Processo de filiação do presidente Bolsonaro volta à estaca zero

Valdemar da Costa Neto deu passos largos para atrair o presidente, abriu os braços e o partido, mas São Paulo é a dificuldade; o presidente não quer abrir mão do Estado

  • Por José Maria Trindade
  • 16/11/2021 14h23 - Atualizado em 16/11/2021 16h21
WALLACE MARTINS/FUTURA PRESS/ESTADÃO CONTEÚDO Presidente da república, Jair Bolsonaro, durante cerimônia no Palácio do Planalto Cerimônia de filiação de Bolsonaro ao PL estava confirmada para o dia 22, mas foi adiada, sem data certa para acontecer

A filiação do presidente Jair Bolsonaro a um partido político entre os 33 devidamente registrados no TSE não é um ato tão simples assim. É mais ou menos como estacionar um transatlântico num porto tomado de barcos pequenos e grandes em mar minado. A ancoragem é complicada. Não é só o presidente que chega na sigla. Um pacote é apresentado. Os filhos do presidente e pelo menos 34 deputados vão seguir o mesmo caminho e o trânsito partidário fica engarrafado. Há divergências regionais onde os chefes locais da sigla escolhida reagem. “Esse pessoal é nosso adversário por aqui”, foram as mensagens recebidas pelos dirigentes do PP para reduzir o ímpeto com que a aproximação era articulada. O presidente do PP, ministro Ciro Nogueira, chegou a dizer a aliados que foi até onde pôde para levar o presidente e um grupo político para a filiação, mas que não daria mais um passo. Aí, entrou o presidente do PL, Valdemar da Costa Neto, que deu passos largos para atrair o presidente. Abriu os braços e o partido, mas São Paulo é a dificuldade. O presidente Jair Bolsonaro não abriu mão do Estado. “Não posso ficar distante da política no estado mais populosos do Brasil. São 46 milhões de habitantes”, argumentou o presidente na conversa dura com Valdemar. Só a região metropolitana está com mais de 22 milhões de moradores. Para se ter uma ideia, Portugal tem 10 milhões de habitantes. 

A data de filiação do presidente no PL estava marcada, mas já está cancelada. É a segunda vez que o partido é abandonado no altar. Na eleição de 2018 estava tudo certo para a filiação, mas o candidato fez uma viagem ao Rio Grande do Sul e voltou comprometido com o PSL, que deu até as chaves do cofre, mas marcou data para o casamento de conveniência.
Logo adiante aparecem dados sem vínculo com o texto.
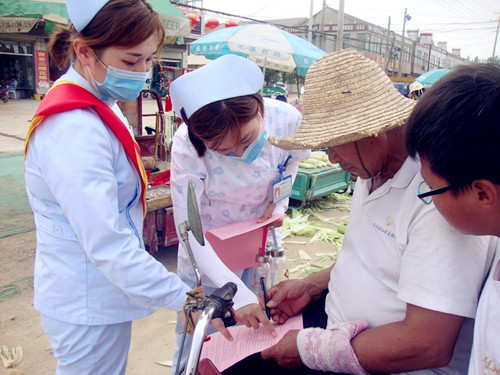 7月12日活動(dòng)當(dāng)天,該院呂福慶院長(zhǎng)、黨委宗德偉書(shū)記及王鳳琴副院長(zhǎng)等班子成員帶隊(duì),包括內(nèi)科、外科、精神科、兒科、婦產(chǎn)科等多位學(xué)科帶頭人及醫(yī)療骨干專(zhuān)家親臨經(jīng)濟(jì)技術(shù)開(kāi)發(fā)區(qū)徐莊鎮(zhèn)毛莊集市,為當(dāng)?shù)鼐用裉峁┟赓M(fèi)健康咨詢。

Eleito o presidente e a segunda maior bancada na Câmara, o deputado Luciano Bivar cobrou a retomada da sigla. “Era o combinado”, segundo o presidente do PSL, ao pedir o despejo do presidente e do grupo de aliados incondicionais. A passagem de Jair Bolsonaro pelo PSL criou um fantasma, um partido que não existe na prática, uma miragem. Se transformou na maior bancada da Câmara, influente representação que preside três comissões permanentes, inclusive a toda poderosa Comissão de Constituição e Justiça, leva a fatia maior do Fundo Partidário e do Fundo Eleitoral e nem sabe o que fazer com os milhões de reais, mas não tem futuro. Sabendo deste caminho certo para o ostracismo, o deputado eleito pela força do presidente Jair Bolsonaro e que assumiu a primeira secretaria da Câmara, Luciano Bivar, fez uma fusão duvidosa, com outra miragem, o DEM. Muitos poderosos e poucos votos é a marca do novo partido que vai se chamar União Brasil. 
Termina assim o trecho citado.